Nvidia is set to report fiscal Q1 2027 results on May 20, with investors focused on AI demand and forward guidance after shares have lagged the semiconductor sector. The article argues TSMC is the bigger beneficiary, citing 33% share gains in 2026, 72% pure-play foundry market share, 38% Foundry 2.0 share, and 36% revenue growth in 2025. It also highlights TSMC's planned 70% CAGR in 2nm capacity through 2028 and a bullish valuation case that implies 62% upside to $653.

Analysis

The setup is less about a single Nvidia print and more about the market re-rating the AI supply chain from chip designer to bottleneck owner. TSM sits on the highest-leverage choke point: advanced node capacity plus packaging, where incremental utilization has outsized pricing power because customer demand is non-discretionary and qualification cycles are long. That makes TSM the cleaner way to express AI capex durability if investors worry Nvidia’s upside is becoming more fully priced while the supply chain still has room for margin expansion. The second-order winner is not just AMD; it is any customer with credible multi-sourcing pressure and scale ambition. If MI450 ramps and custom AI silicon broadens, TSM’s bargaining power improves because the ecosystem needs leading-edge wafer starts and advanced packaging simultaneously, tightening the market for capacity and potentially keeping lead times extended into 2027. That dynamic also supports select equipment and materials names, but the highest convexity remains with TSM because it captures both unit growth and mix shift. The main risk is that the AI narrative remains intact while spending gets re-phased, not canceled. If Nvidia’s commentary implies near-term digestion after a huge Blackwell/Vera Rubin ramp, the market could briefly punish the entire chain on de-stocking fears, even though TSM’s order book is more diversified than a single customer read-through would suggest.
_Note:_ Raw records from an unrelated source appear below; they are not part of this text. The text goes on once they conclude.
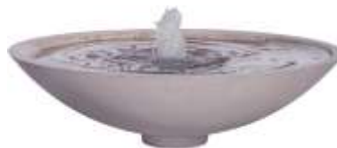
Bowl - 1400
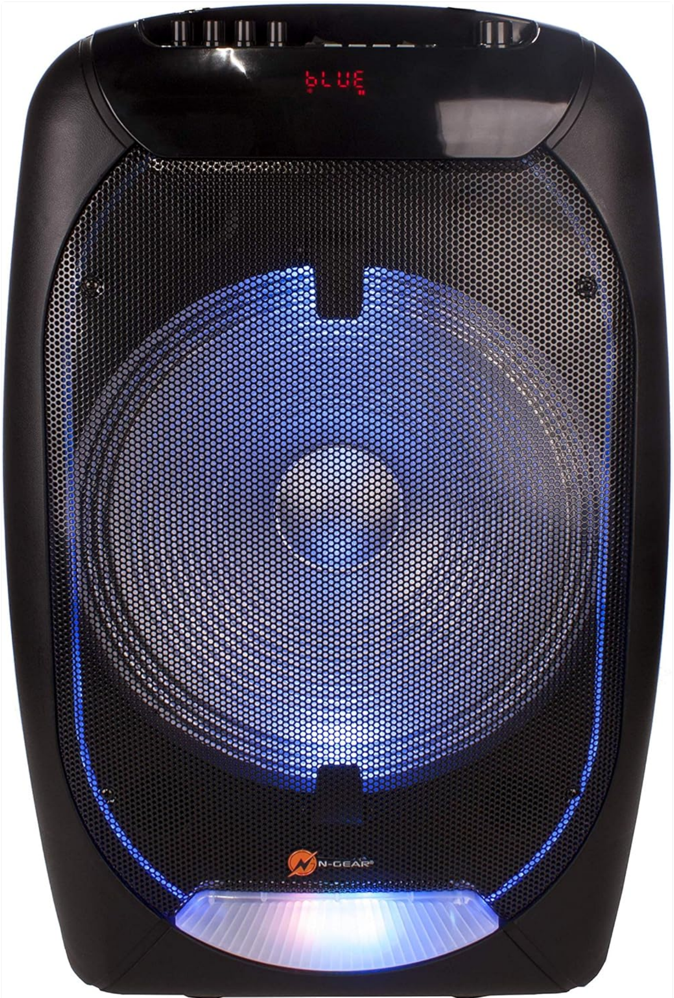
Image: Speaker front with blue LED lights, showing "BLUE" on the display.
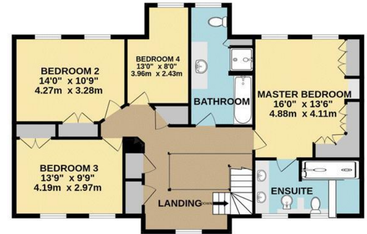
1ST FLOOR 1034 sq.ft. (96.1 sq.m.) approx.
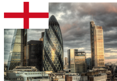
The population of England is around 56 million. The capital city of England is London. The population of London is more than 8 million.
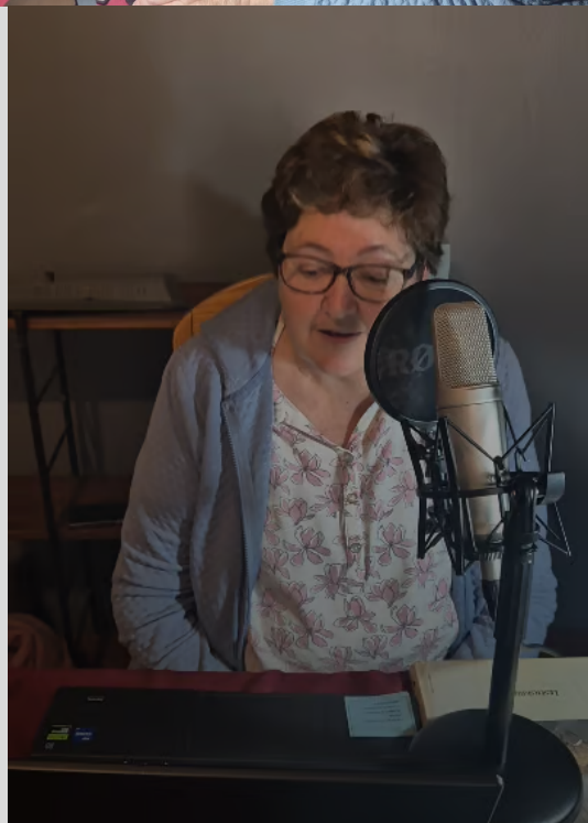
First test recordings
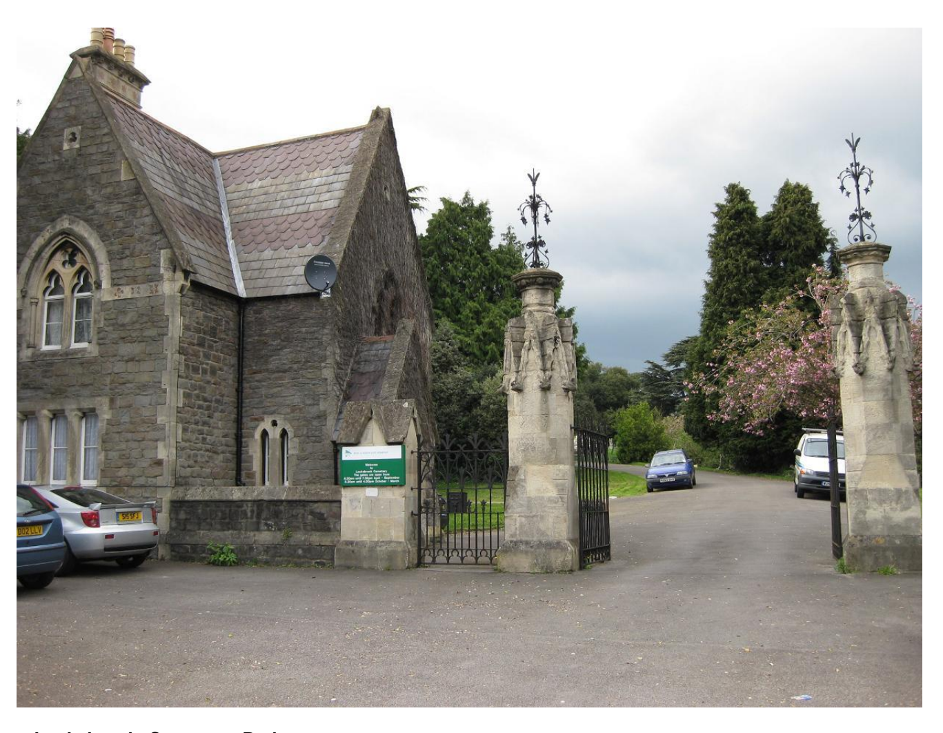
Locksbrook Cemetery, Bath
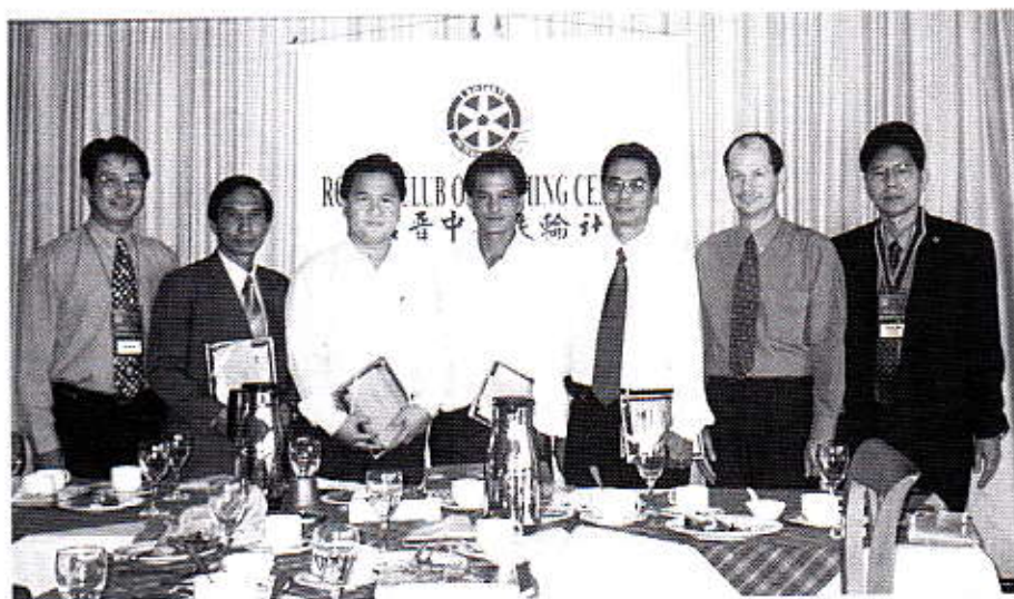
Vocational service awards presentation.
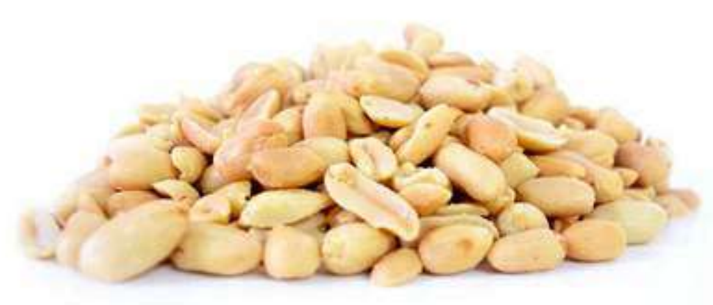
ROASTED AND SALTED PEANUTS ROASTED AND SALTED JUMBO PEANUTS.
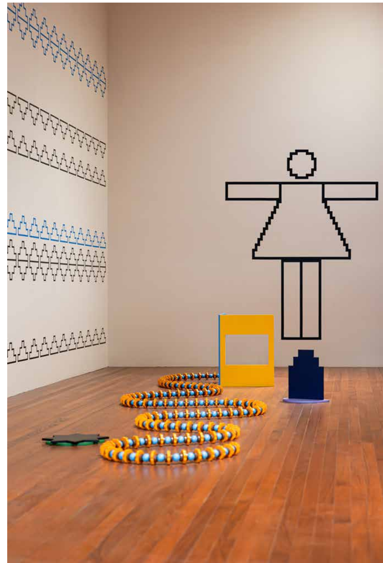
‘Snake - Too Long’ Artwork by Chinese artist, Hong Seung-Hye – part of the Serpenti Infinito Exhibition.

The Serpenti Infinito Exhibition comprises three chapters and includes 28 artworks by 19 Chinese and international artists, of which 11 were created exclusively for the occasion. The guests had also the opportunity to admire a magnificent selection from BVLGARI Heritage, watches and fine jewellery collections, including some unreleased High Jewellery one-of-a-kind creations. Woven like an endless braid, the Serpenti Infinito High Jewellery necklace, bracelet and brooch are set with onyx components, buff top rubies and pavé diamonds. In an even more abstract exercise, a whopping 140.53-carat rubellite is the beating heart of the Serpenti Rubellite Crown High Jewellery necklace – the first ever Serpenti chain sautoir made of onyx inserts, buff-top emeralds and diamonds. From the start, the reptile motif has also made its way into BVLGARI accessories (mostly in the form of a bejewelled clasp), and so here comes the new Serpenti Cuore 1968 bag, launched on the occasion of the Year of the Snake. As the name reveals, its distinctive shape recalls the two halves of a heart: one made up of the bag’s red body, the other of the arched snake body-shaped handle.
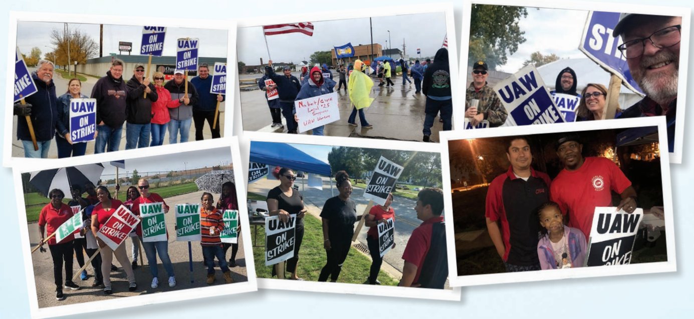
NABET-CWA members standing in solidarity with striking UAW workers.

central issues in the dispute is GM's insistence on using temporary workers, who often remain in that status for years without any path towards earning permanent status with the company. The Union would like to see this change. Additional items the union would like to see improve include fair wages, affordable healthcare, profit-sharing, and increased job security. ❖
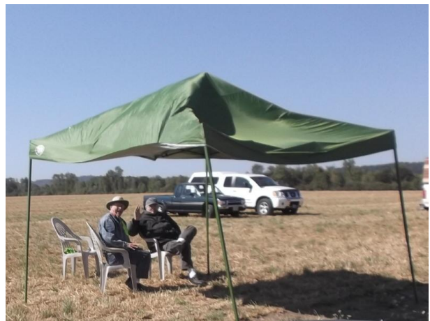
Saturday parking crew
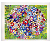
25: Takashi Murakami (B.1962), Offset Lithograph

Lee Ufan (B.1936), Lithograph Signed (lower right), Information (reverse) Image Size: 5 1/8 by 3 1/2 in. (13 by 8cm.) All measurements are approximate. Lee Ufan is a South Korean painter and sculptor who has been active since the 1960s. He is best known for his minimalist and conceptual art, which combines elements of Eastern and Western aesthetics. Ufan's work often explores the relationship between humans and nature, and seeks to create a sense of harmony and balance between the two. He is associated with the Mono-ha movement in Japan and has exhibited his work in galleries and museums around the world, including the Guggenheim Museum in New York and the Centre Pompidou in Paris. WE DO NOT GIVE ANY REPRESENTATION, WARRANTY, OR GUARANTEE OR ASSUME ANY LIABILITY OF ANY KIND IN RESPECT OF ANY LOT WITH REGARD TO MERCHANTABILITY, FITNESS FOR A PARTICULAR PURPOSE, DESCRIPTION, SIZE, QUALITY, CONDITION, ATTRIBUTION, AUTHENTICITY, RARITY, IMPORTANCE, MEDIUM, PROVENANCE, EXHIBITION HISTORY, LITERATURE, OR HISTORICAL RELEVANCE.

Over a 1-3 month horizon, that creates a better entry point than chasing into the event; over 12-24 months, the bigger risk is valuation compression if investors move from scarcity premium to normal-cycle multiples. The contrarian takeaway is that the consensus may be underestimating how much of AI economics now accrues to the manufacturing toll collector rather than the model owner. If AI demand broadens beyond hyperscalers into custom accelerators, the market could gradually assign TSM a structurally higher multiple for consistency, not just growth. In that regime, the trade is not simply long AI beta; it is long the asset that monetizes every winner.